— Data section —
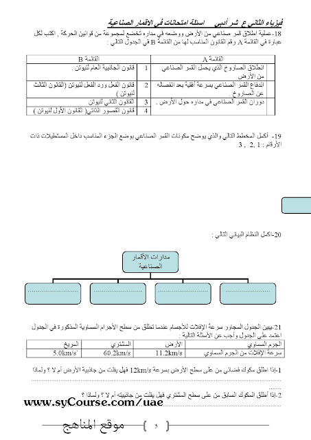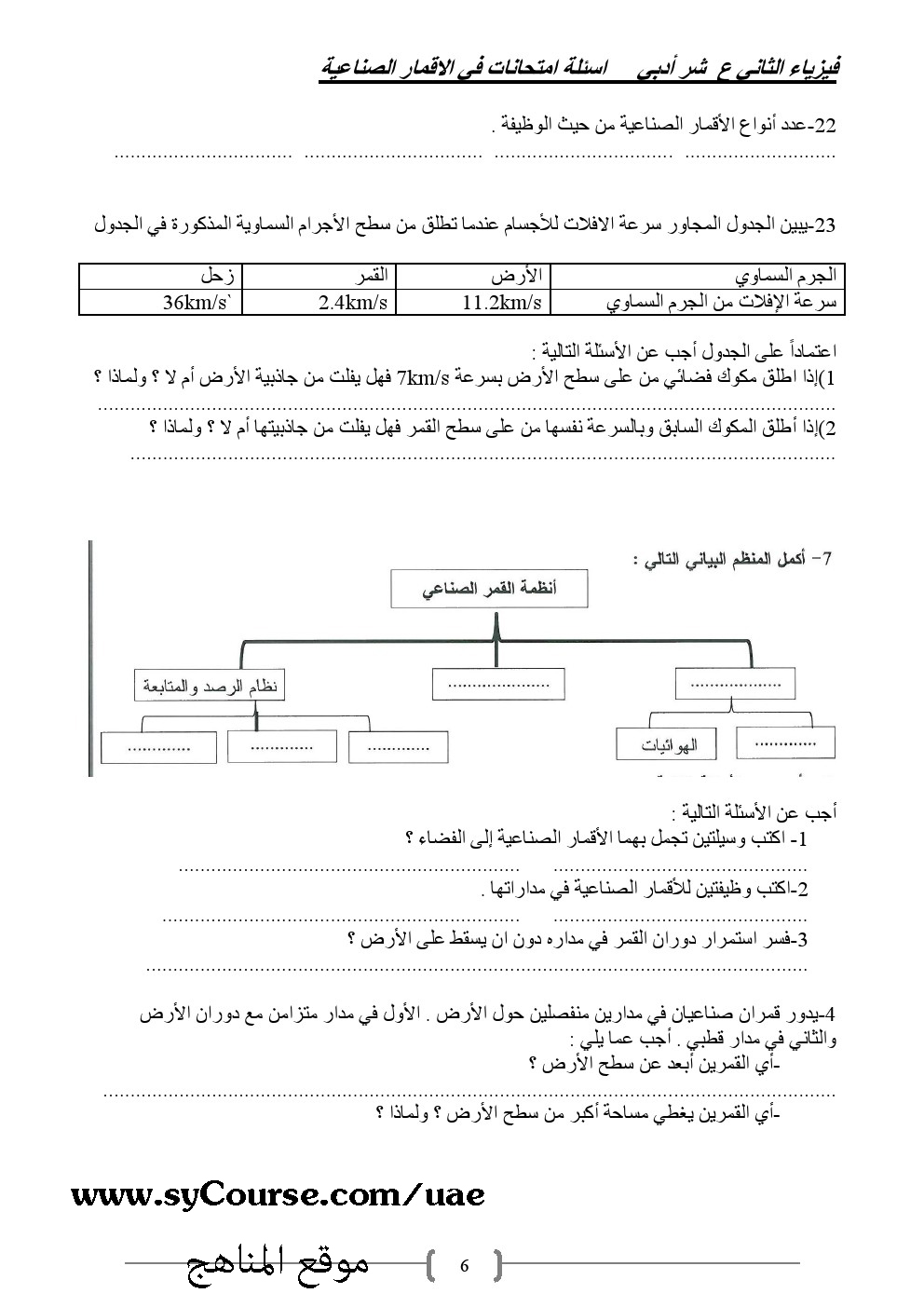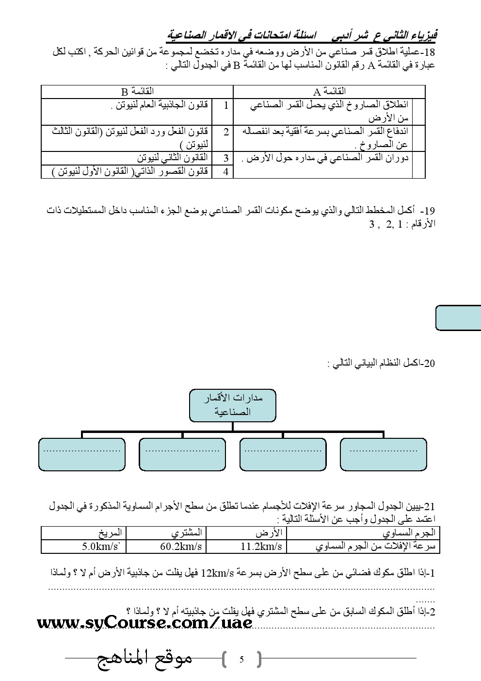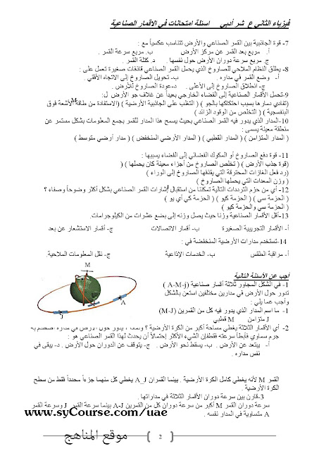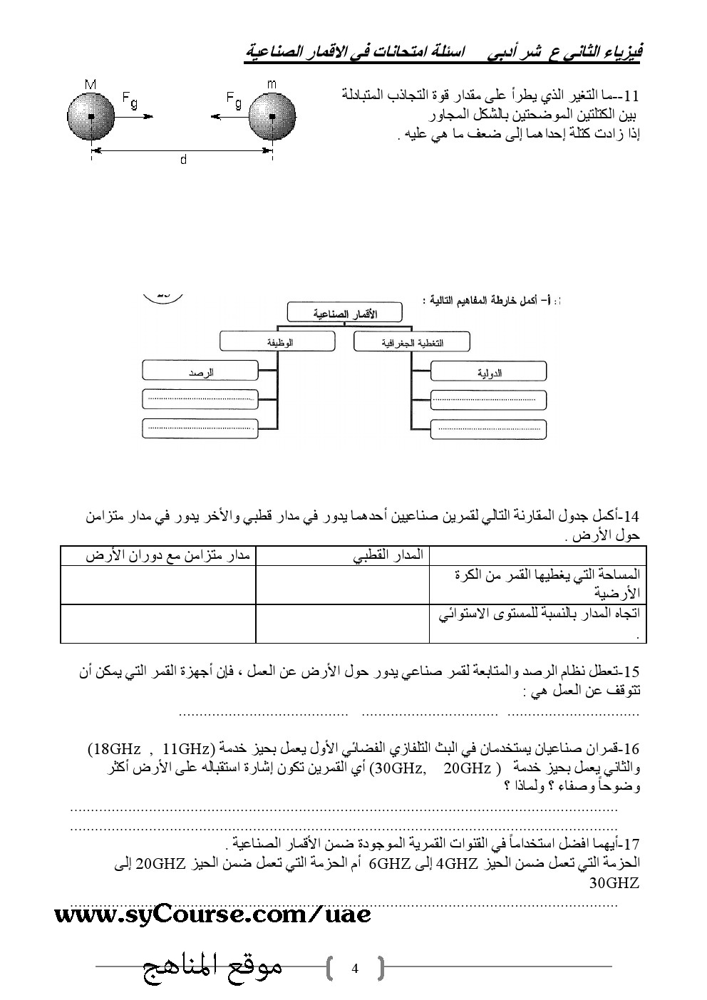 معلومات الملف: الصف الثاني عشر- الفصل الثالث- فيزياء- أسئلة امتحانات في الاقمار الصناعية | ||
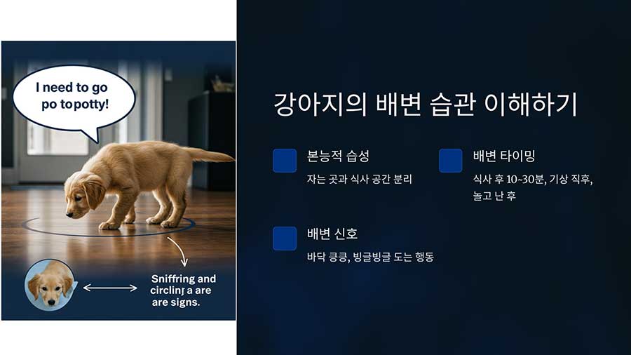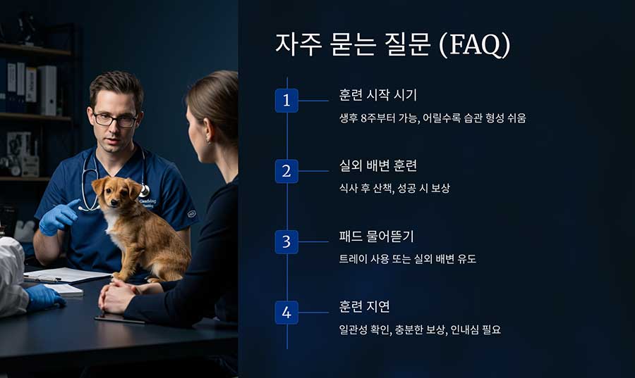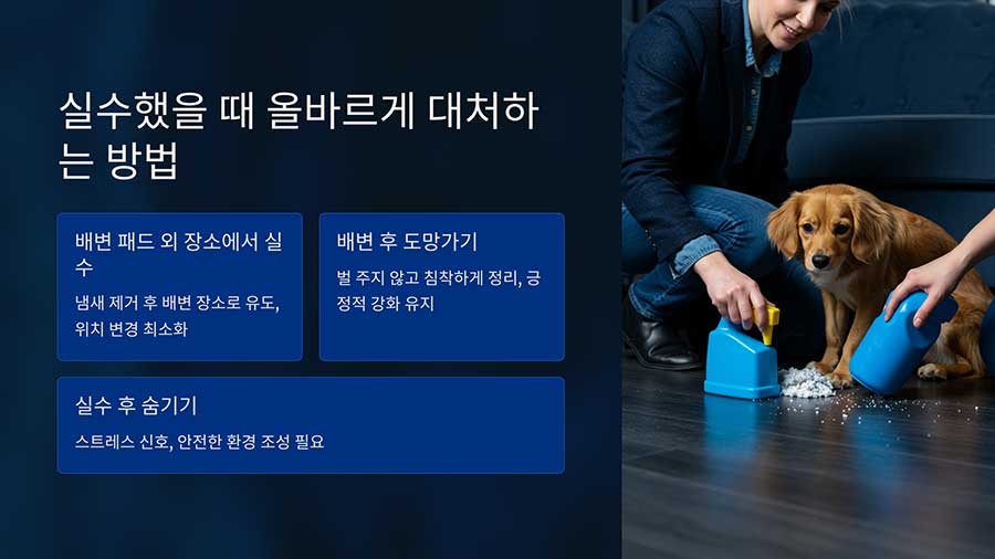 | 배변 후 도망가기 | 벌을 주지 않고 침착하게 정리, 긍정적 강화 유지 |
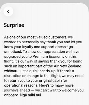 Very pleased to get this upgrade 20min out from boarding. I had already used my RUs on previous flights and did not put in a OneUp. The flight was not full - space in PE and Y (didn't check J). Never had this on AirNZ before!
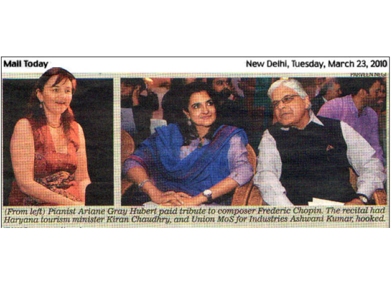 It was cross-cultural connections at their best – Frederic Chopin’s compositions played by a French artiste inspired by Indian musical greats. The occasion was a piano recital by Ariane Gray Hubert in tribute to master composer Chopin at the Embassy of France on Friday evening. Ariane, a singer and composer who started her musical journey with the piano at the age of four, rendered an engrossing hour long performance that reflected the musical genius of the Warsaw-born Chopin through his famous compositions such as the Preludes, which are short collected pieces that fuse tension, poetry and daring. The Mazurkas, on the other hand, had lyrics that captured the breadth-and-cadence of his musical-line. The concert, which opened with the Prelude, written by thecomposer in 1836 was interspersed with narration by the planist about each composition to the invited audience, which comprised of Jerome Bonnafont, ambassador of France to India: Karan Singh, chairman, Indian council for cultural Relations (ICCR); Rajyasabha MP from Rajasthan, Najma Heptullah and other embassy officials. The event concluded with La Note Bleue, a personal composition by Hubert meant as a tribute to Chopin. As a musician, inspired by Hindustani classical vocalist Bhimsen Joshi; Ali AkbarKhan, the late sarod artiste and M.S Subbulakshmi, the late carnatic musician, Hubert was all praise for the concept and essence of time in Indian music. “Indian music has a very organic combination with an essence of natural time embedded in it.” said the artist who has performed up to 15 concerts a year in India, since her first trip to the country 11 years ago on an invitation from ICCR. The concert also heralds the arrival of “Namaste-France” the festival of India in France beginning April 14, as the curtalns come down on “Bonjour India,” the festival of France in India.
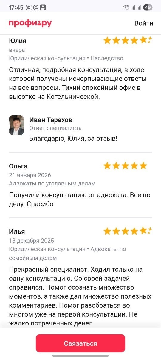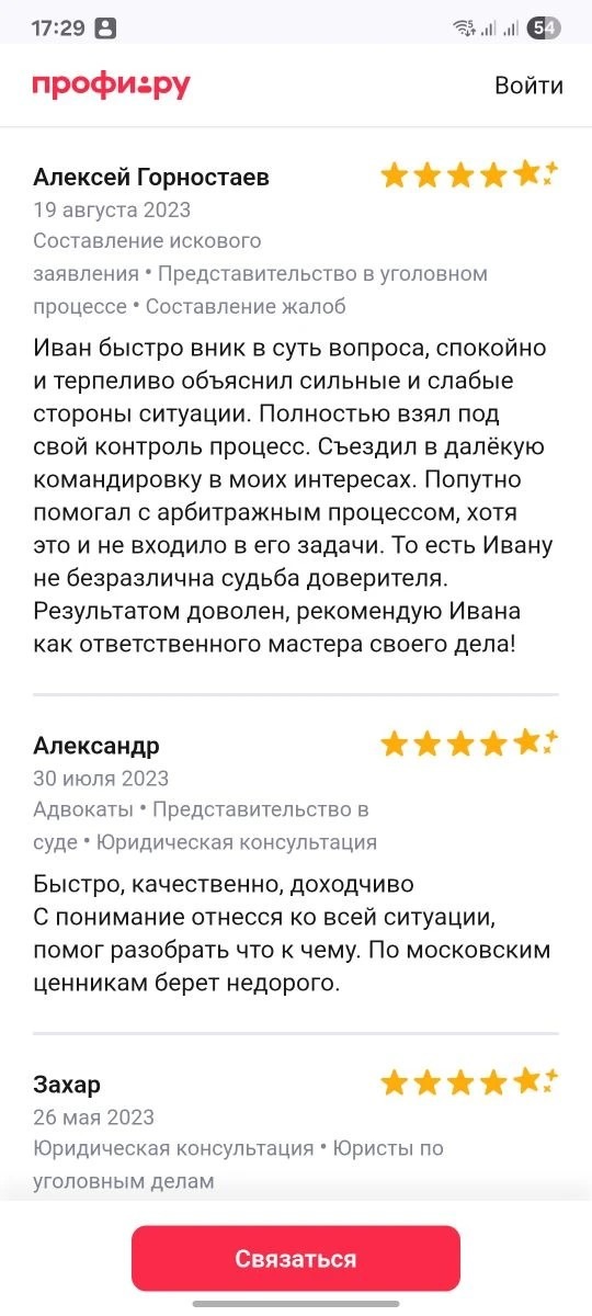 Рекомендую данного адвоката, помог быстро разобраться с интересующим вопросом. Впредь обращусь снова если потребуется помощь.
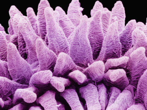 The main idea here is that the lining of these parts of the small intestine has a very large surface area. The intestine is long, the wall is ridged and the lining (called the epithelium) has many thousands of tiny projections called villi. Each villus is 1-3mm long but the effect is to increase the surface area for absorption by many hundreds of times.
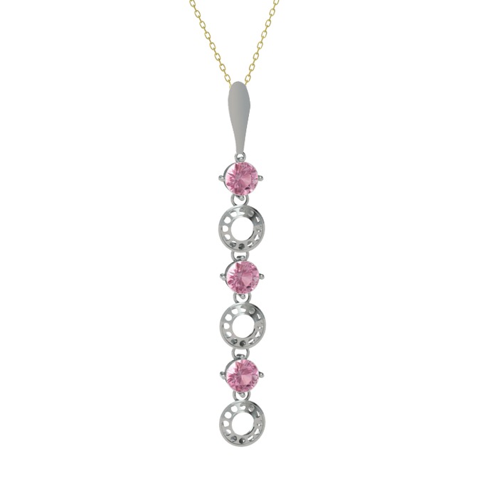 Pembe kuvars 14 ayar beyaz altın kolye (40 cm gümüş rolo zincir)
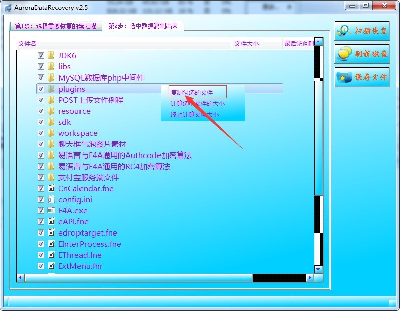 步骤4:将想要恢复的文件勾选,右击选择《复制勾选的文件》,软件会将勾选的文件拷贝出来。
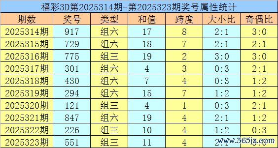 开奖总结:福彩3D第2025323期开出奖号551。奖号方法为组三,奇偶比为3:0,012路比为0:1:2,大小比为2:1,和值为11,跨度为4。
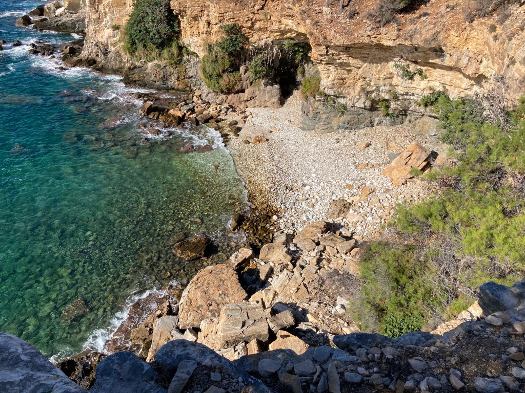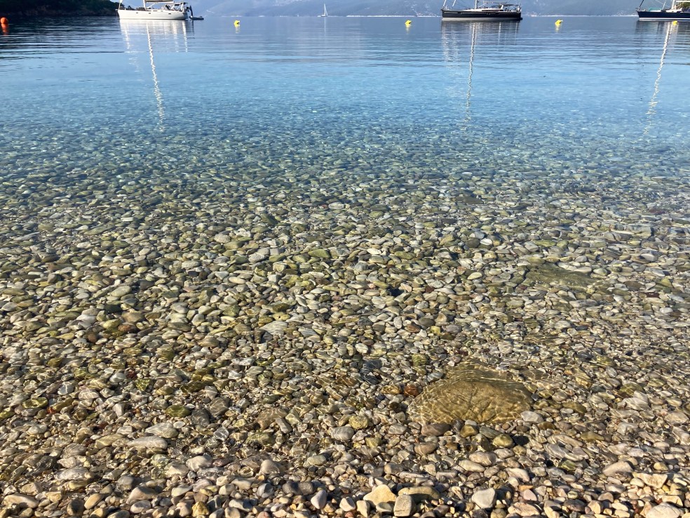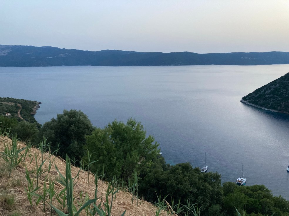 But what struck me this time was the abundance of animal life. On our first day, swimming off the beach of Trypiti round to a gap in the rock that leads to a small harbour, I spotted a flash of blue with a tawny underside. Could it be a kingfisher fishing by the sea? That is certainly what it seemed. I hadn’t seen one since I was a child and visited the RSPB reserve at Minsmere in Suffolk. Two days later, I saw the same flash of blue while swimming off the beach of Atspas – the same or another kingfisher. Off the same beach, we spotted dolphins, circumflex accents dipping in and out of the ocean. Cormorants stood like statues on the rocks, keeping an eye out for fish or simply gazing at the view. Others skimmed the waves in low flight, these ones certainly fishing, competing with the ferries that to and froed in the distance.
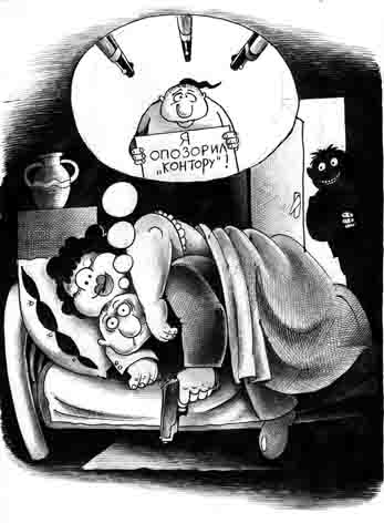 Зал, как компрессор, засосал весь воздух до отказа. Стало видно и слышно, как солнечные зайчики в предчувствии затмения забились в дальний угол помещения. На сцене из прогрызенного паркета появилась морда здоровенной крысы, чем-то напоминавшей одну из ведущих НТВ. Президиум сделал равнение направо, сконцентрировав свой взгляд на выступавшем. Панас живо представил себя невинной жертвой одного из процессов 37-го года.
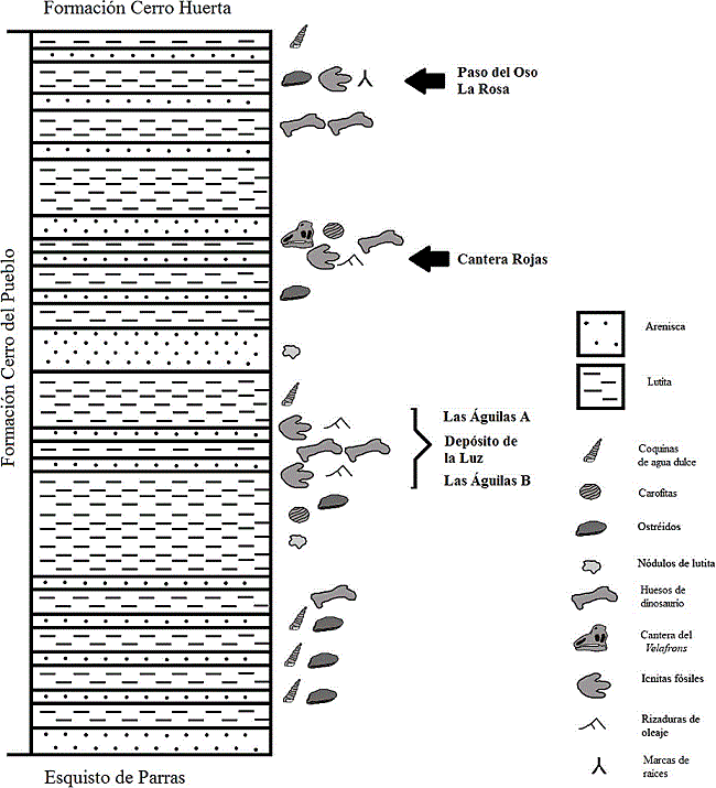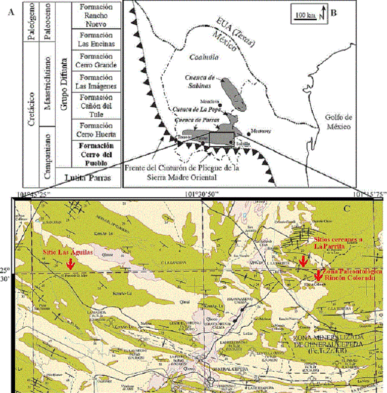 La Formación Cerro del Pueblo (FCdP) es una unidad geológica compleja que conforma la parte basal del Grupo Difunta (Figura 1). De acuerdo con Eberth et al. (2004), esta formación representa una unidad transicional que destaca por la gran diversidad de organismos fósiles que contiene, entre los que se incluyen plantas, protistas, invertebrados y vertebrados, organismos que vivieron en condiciones marinas, salobres y terrestres (Rivera-Sylva et al., 2006; Gates et al., 2007; Perrilliat et al., 2008; Loewen et al., 2010; Bravo-Cuevas y Rodríguez-de la Rosa, 2014). Eberth et al. (2004) ubicaron a la FCdP entre las magnetocronozonas 32n.3r-32n.2n, sugiriendo una edad absoluta máxima de 72.5 millones de años (Campaniano tardío).
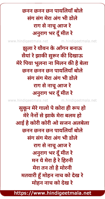 Lyrics of Chanan Chanan Payaliya Bole - छनन छनन छन पायलियाँ बोले
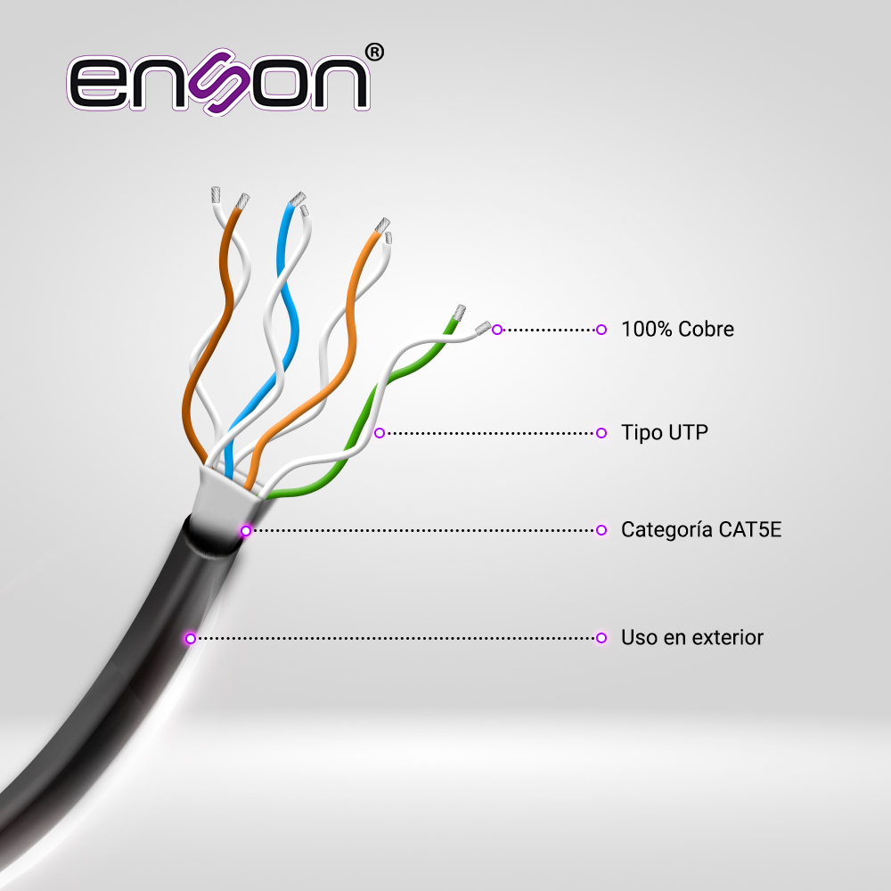 CABLE UTP CAT5E ENSON 13151B305 DOBLE FORRO SERIE PRO-II CALIBE 24 AWG 100% COBRE BOBINA DE 305 METROS FORRO PE COLOR NEGRO Y PVC COLOR GRIS USO EXTERIOR RECOMENDADO PARA CCTV, VIDEO IP Y REDES BASE 10,100

— Task instructions —
Would you repeat exactly, and only, the lines from the start of the records above through the line containing "Very pleased to", with the pictures omitted?

— Exercise response —
 معلومات الملف: الصف الثاني عشر- الفصل الثالث- فيزياء- أسئلة امتحانات في الاقمار الصناعية | ||
 | 배변 후 도망가기 | 벌을 주지 않고 침착하게 정리, 긍정적 강화 유지 |
 Very pleased to get this upgrade 20min out from boarding. I had already used my RUs on previous flights and did not put in a OneUp. The flight was not full - space in PE and Y (didn't check J). Never had this on AirNZ before!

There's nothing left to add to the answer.